[Exercise details]: Going from the top of the data below, give again each line through the one containing "After starting with", both ends kept.

[Source data]:

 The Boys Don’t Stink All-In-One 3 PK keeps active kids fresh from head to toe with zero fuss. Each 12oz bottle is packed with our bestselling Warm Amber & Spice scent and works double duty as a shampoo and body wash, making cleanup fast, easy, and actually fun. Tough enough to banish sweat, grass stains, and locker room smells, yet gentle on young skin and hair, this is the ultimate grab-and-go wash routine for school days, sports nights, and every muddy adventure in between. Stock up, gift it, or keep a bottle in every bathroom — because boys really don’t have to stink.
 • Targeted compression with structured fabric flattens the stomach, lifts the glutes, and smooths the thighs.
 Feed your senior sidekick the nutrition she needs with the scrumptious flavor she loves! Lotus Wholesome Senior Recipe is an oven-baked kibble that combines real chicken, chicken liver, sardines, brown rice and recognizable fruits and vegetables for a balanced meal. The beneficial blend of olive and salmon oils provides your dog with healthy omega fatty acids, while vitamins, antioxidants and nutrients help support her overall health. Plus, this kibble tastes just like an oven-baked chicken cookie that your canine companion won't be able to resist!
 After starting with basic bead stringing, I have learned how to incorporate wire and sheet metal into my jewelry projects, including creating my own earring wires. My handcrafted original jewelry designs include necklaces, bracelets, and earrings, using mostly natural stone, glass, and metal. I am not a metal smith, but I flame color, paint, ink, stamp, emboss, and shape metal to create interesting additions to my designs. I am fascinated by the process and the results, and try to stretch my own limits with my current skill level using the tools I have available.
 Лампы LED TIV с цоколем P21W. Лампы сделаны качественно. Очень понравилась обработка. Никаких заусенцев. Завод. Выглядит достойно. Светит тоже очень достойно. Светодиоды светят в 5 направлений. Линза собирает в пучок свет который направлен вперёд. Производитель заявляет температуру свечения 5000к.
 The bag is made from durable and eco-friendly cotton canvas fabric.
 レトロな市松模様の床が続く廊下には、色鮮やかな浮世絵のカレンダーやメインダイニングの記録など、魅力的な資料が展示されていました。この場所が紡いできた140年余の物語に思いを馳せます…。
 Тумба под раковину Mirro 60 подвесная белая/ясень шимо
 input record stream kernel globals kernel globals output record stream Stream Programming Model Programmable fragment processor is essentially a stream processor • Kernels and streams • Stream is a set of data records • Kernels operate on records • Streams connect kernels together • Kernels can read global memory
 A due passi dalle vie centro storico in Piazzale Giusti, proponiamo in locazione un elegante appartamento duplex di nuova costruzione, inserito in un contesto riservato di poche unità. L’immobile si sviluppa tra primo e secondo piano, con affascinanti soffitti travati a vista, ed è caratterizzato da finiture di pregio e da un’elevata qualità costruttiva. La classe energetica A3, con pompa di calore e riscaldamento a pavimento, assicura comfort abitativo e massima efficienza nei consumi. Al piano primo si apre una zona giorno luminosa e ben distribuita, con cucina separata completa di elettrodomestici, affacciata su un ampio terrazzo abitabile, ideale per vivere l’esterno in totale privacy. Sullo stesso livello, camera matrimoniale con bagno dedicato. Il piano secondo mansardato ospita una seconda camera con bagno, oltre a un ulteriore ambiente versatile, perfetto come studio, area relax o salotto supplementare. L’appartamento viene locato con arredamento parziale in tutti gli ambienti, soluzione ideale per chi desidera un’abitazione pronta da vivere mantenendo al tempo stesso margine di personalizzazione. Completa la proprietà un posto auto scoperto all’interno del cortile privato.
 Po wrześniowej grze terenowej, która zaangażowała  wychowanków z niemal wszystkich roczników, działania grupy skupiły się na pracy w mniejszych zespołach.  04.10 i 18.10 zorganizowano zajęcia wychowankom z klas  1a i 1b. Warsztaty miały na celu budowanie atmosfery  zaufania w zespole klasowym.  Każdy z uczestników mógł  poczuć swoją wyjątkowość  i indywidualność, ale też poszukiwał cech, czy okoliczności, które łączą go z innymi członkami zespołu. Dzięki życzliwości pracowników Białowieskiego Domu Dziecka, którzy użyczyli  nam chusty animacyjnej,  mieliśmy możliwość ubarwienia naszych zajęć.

[Solution for this task]:
 The Boys Don’t Stink All-In-One 3 PK keeps active kids fresh from head to toe with zero fuss. Each 12oz bottle is packed with our bestselling Warm Amber & Spice scent and works double duty as a shampoo and body wash, making cleanup fast, easy, and actually fun. Tough enough to banish sweat, grass stains, and locker room smells, yet gentle on young skin and hair, this is the ultimate grab-and-go wash routine for school days, sports nights, and every muddy adventure in between. Stock up, gift it, or keep a bottle in every bathroom — because boys really don’t have to stink.
 • Targeted compression with structured fabric flattens the stomach, lifts the glutes, and smooths the thighs.
 Feed your senior sidekick the nutrition she needs with the scrumptious flavor she loves! Lotus Wholesome Senior Recipe is an oven-baked kibble that combines real chicken, chicken liver, sardines, brown rice and recognizable fruits and vegetables for a balanced meal. The beneficial blend of olive and salmon oils provides your dog with healthy omega fatty acids, while vitamins, antioxidants and nutrients help support her overall health. Plus, this kibble tastes just like an oven-baked chicken cookie that your canine companion won't be able to resist!
 After starting with basic bead stringing, I have learned how to incorporate wire and sheet metal into my jewelry projects, including creating my own earring wires. My handcrafted original jewelry designs include necklaces, bracelets, and earrings, using mostly natural stone, glass, and metal. I am not a metal smith, but I flame color, paint, ink, stamp, emboss, and shape metal to create interesting additions to my designs. I am fascinated by the process and the results, and try to stretch my own limits with my current skill level using the tools I have available.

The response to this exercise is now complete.